Near Cache Optimization
Section titled “Near Cache Optimization”The client-side near cache eliminates network round-trips for frequently read keys:
LoomClient client = LoomClient.builder() .nearCacheEnabled(true) .nearCacheTtl(Duration.ofSeconds(30)) .nearCacheMaxSize(10000) .build();| Metric | Without Near Cache | With Near Cache |
|---|---|---|
| GET latency | ~1–5ms (network) | ~0.01ms (local) |
| Network load | Every read | Only misses |
| Consistency | Linearizable | Eventual (TTL-bounded) |
Near cache entries are invalidated via server push (instant) with TTL-based polling as fallback.
Hot-Key Detection
Section titled “Hot-Key Detection”Hot-Key Detection & Near Caching
Mitigating Thundering Herd problems automatically
A classic distributed systems problem is the “Thundering Herd” or “Hot Key” issue, where 90% of traffic suddenly targets a single Map key (which lives on a single partition leader).

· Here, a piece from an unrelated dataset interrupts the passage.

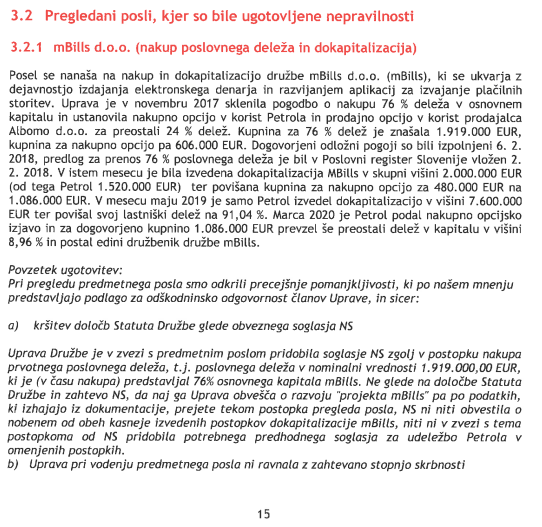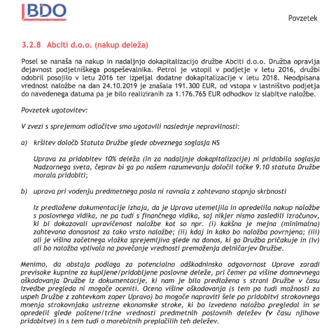 Na spletu smo našli poročilo revizijske hiše BDO, v kateri so pregledali trideset poslov v času Petroleve uprave, ko so glavno besedo imeli Berločnik, Vodnik in morebitni novopočeni finančni minister Igor Stebernak.

LoomCache combats this via the HotKeyDetector. Through non-blocking, sliding-window sampling (default 5% sampling rate), LoomCache identifies hotspots and exposes them through SlotMetrics.
Configuration
Section titled “Configuration”HotKeyConfig.builder() .enabled(true) .samplingRate(0.05) // 5% of accesses sampled .threshold(100) // 100+ accesses/window = hot .window(Duration.ofSeconds(60)) .maxTrackedKeys(50000) .build();Applications can query hot key data and configure the LoomClient’s Near Cache to aggressively cache hot keys client-side, offloading the Raft leader entirely.
JFR Profiling
Section titled “JFR Profiling”LoomCache emits 5 custom JFR (Java Flight Recorder) events for production profiling:
| Event | Data |
|---|---|
CacheOperationEvent | Key, operation, latency, result |
EvictionEvent | Key, policy, reason |
NetworkConnectionEvent | Peer, connect/disconnect, duration |
RaftAppendEvent | Term, index, entry count, latency |
RaftElectionEvent | Candidate, term, votes, outcome |
Enable JFR in production with zero overhead:
java -XX:StartFlightRecording=filename=loomcache.jfr,duration=60s ...Raft Consensus Tuning
Section titled “Raft Consensus Tuning”| Parameter | Default | Aggressive | Conservative |
|---|---|---|---|
| Heartbeat interval | 100ms | 50ms | 500ms |
| Election timeout | 300–600ms | 100–200ms | 1000–2000ms |
| Max entries/append | 100 | 200 | 50 |
| Replication interval | 50ms | 25ms | 100ms |
Trade-offs: Aggressive settings reduce failure detection latency but increase CPU and network overhead. Conservative settings reduce churn but increase time-to-recovery after failures.